The paper reviews recent studies on memorization in Large Language Models, exploring factors that influence memorization, detection methodologies, and mitigation strategies, while addressing privacy and ethical implications.
Large Language Models (LLMs) have demonstrated remarkable capabilities across
a wide range of tasks, yet they also exhibit memorization of their training
data. This phenomenon raises critical questions about model behavior, privacy
risks, and the boundary between learning and memorization. Addressing these
concerns, this paper synthesizes recent studies and investigates the landscape
of memorization, the factors influencing it, and methods for its detection and
mitigation. We explore key drivers, including training data duplication,
training dynamics, and fine-tuning procedures that influence data memorization.

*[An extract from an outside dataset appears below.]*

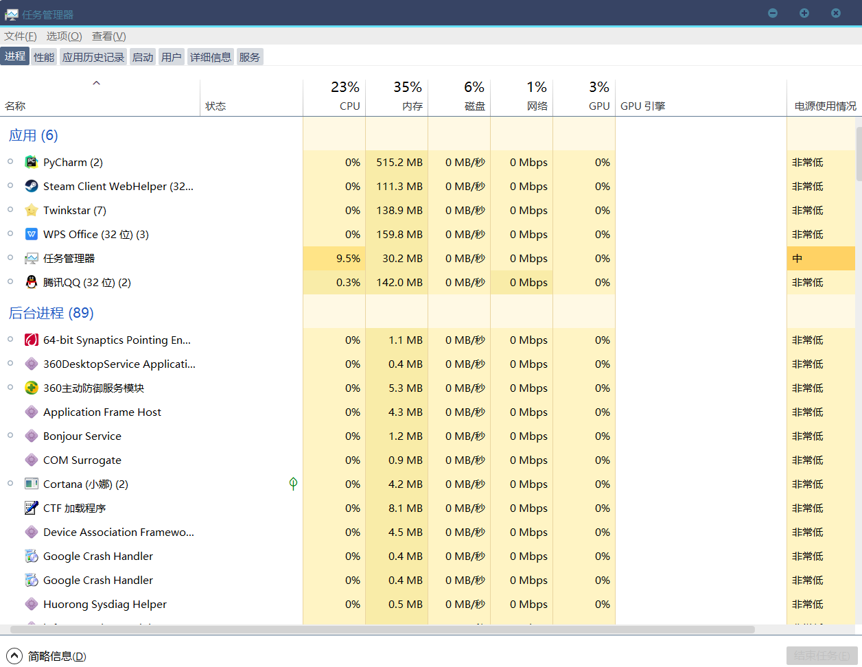 我们可以发现计算机运行的不仅仅有我们打开的应用,还有很多个后台运行的系统进程,进程就是我们电脑中已经运行的程序的实体,看下图:

In addition, we examine methodologies such as prefix-based extraction,
membership inference, and adversarial prompting, assessing their effectiveness
in detecting and measuring memorized content. Beyond technical analysis, we
also explore the broader implications of memorization, including the legal and
ethical implications. Finally, we discuss mitigation strategies, including data
cleaning, differential privacy, and post-training unlearning, while
highlighting open challenges in balancing the minimization of harmful
memorization with utility. This paper provides a comprehensive overview of the
current state of research on LLM memorization across technical, privacy, and
performance dimensions, identifying critical directions for future work.